* [Task objective]: When you reach the line with "Ventilation & Exhaust tab" in the records below, begin transcribing exactly and continue up to and including the line with "In the application", leaving out every picture.

* [Given entries]:
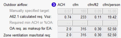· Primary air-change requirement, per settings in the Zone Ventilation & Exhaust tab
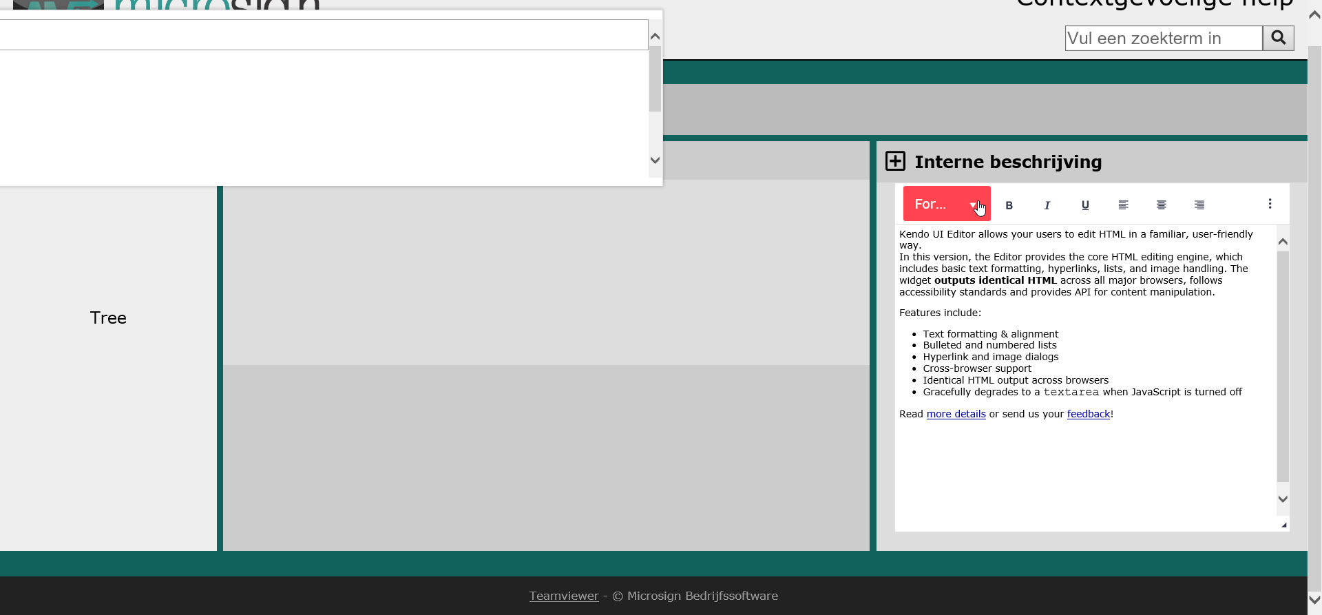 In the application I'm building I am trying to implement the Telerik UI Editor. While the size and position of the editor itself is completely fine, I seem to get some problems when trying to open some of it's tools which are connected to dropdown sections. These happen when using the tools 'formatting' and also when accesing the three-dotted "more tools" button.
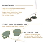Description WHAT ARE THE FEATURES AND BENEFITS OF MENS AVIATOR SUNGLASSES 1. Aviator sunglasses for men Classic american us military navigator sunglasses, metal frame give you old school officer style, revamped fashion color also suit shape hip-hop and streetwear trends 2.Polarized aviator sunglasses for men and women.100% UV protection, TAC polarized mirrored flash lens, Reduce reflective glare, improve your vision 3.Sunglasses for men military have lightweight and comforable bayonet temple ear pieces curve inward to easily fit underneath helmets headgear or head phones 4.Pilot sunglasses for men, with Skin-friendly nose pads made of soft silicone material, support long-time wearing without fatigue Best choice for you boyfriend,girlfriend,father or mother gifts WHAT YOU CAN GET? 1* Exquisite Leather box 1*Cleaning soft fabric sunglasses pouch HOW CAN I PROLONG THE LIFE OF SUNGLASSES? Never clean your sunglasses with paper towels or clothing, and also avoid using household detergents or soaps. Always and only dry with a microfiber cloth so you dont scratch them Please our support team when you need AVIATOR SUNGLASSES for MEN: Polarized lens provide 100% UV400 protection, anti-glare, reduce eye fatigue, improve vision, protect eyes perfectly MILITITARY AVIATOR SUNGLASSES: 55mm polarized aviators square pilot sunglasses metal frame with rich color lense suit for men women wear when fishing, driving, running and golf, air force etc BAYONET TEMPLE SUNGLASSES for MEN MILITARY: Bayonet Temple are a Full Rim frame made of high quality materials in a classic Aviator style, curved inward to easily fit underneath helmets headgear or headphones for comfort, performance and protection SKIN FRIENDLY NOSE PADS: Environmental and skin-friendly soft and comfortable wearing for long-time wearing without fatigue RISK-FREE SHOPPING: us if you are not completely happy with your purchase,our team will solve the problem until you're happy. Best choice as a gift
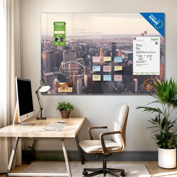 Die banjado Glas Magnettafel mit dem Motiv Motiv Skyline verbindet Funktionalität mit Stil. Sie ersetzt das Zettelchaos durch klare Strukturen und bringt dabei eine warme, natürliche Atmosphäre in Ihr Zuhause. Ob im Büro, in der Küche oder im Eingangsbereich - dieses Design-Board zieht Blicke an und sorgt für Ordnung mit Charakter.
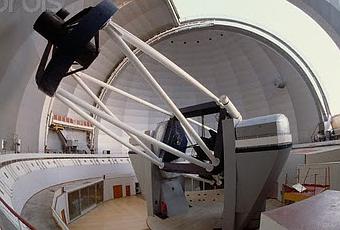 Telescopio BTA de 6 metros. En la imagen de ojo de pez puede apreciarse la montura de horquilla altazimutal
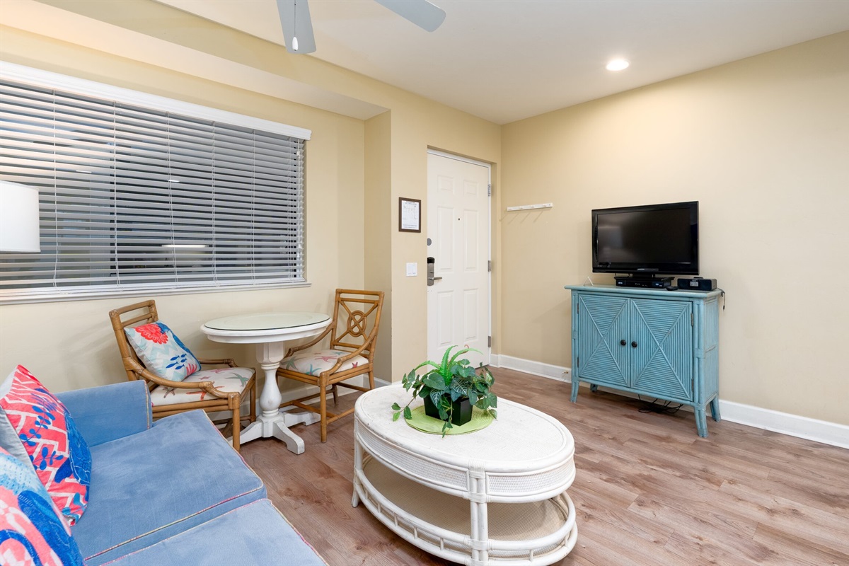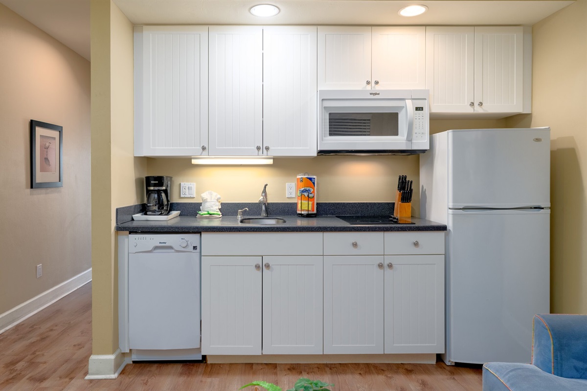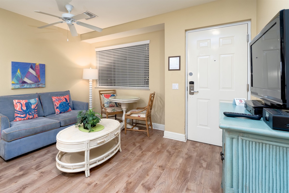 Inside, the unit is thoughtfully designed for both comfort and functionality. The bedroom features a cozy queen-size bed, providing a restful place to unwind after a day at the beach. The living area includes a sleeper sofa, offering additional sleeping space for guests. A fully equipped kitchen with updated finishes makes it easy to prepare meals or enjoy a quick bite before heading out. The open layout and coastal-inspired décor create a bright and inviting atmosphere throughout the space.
==
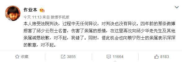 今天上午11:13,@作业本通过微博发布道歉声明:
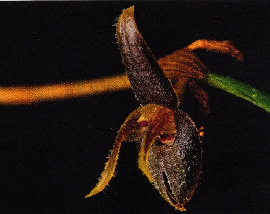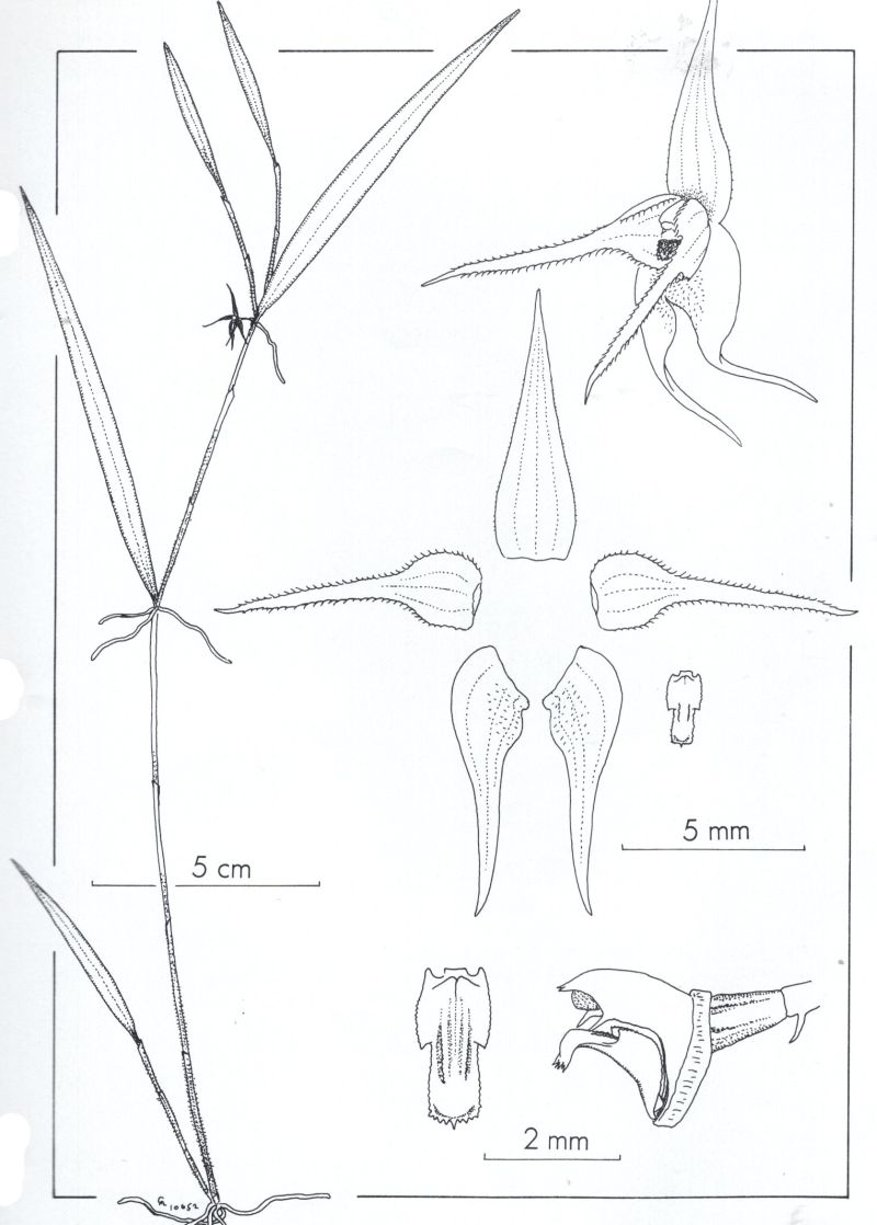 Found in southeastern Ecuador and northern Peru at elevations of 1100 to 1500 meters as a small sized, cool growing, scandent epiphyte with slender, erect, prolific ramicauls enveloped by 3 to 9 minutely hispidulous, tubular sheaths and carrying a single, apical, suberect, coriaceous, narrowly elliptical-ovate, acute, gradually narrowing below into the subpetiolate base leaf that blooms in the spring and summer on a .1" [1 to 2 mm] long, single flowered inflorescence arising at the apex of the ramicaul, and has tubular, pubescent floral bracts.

* [Result of the exercise]:
· Primary air-change requirement, per settings in the Zone Ventilation & Exhaust tab
 In the application I'm building I am trying to implement the Telerik UI Editor. While the size and position of the editor itself is completely fine, I seem to get some problems when trying to open some of it's tools which are connected to dropdown sections. These happen when using the tools 'formatting' and also when accesing the three-dotted "more tools" button.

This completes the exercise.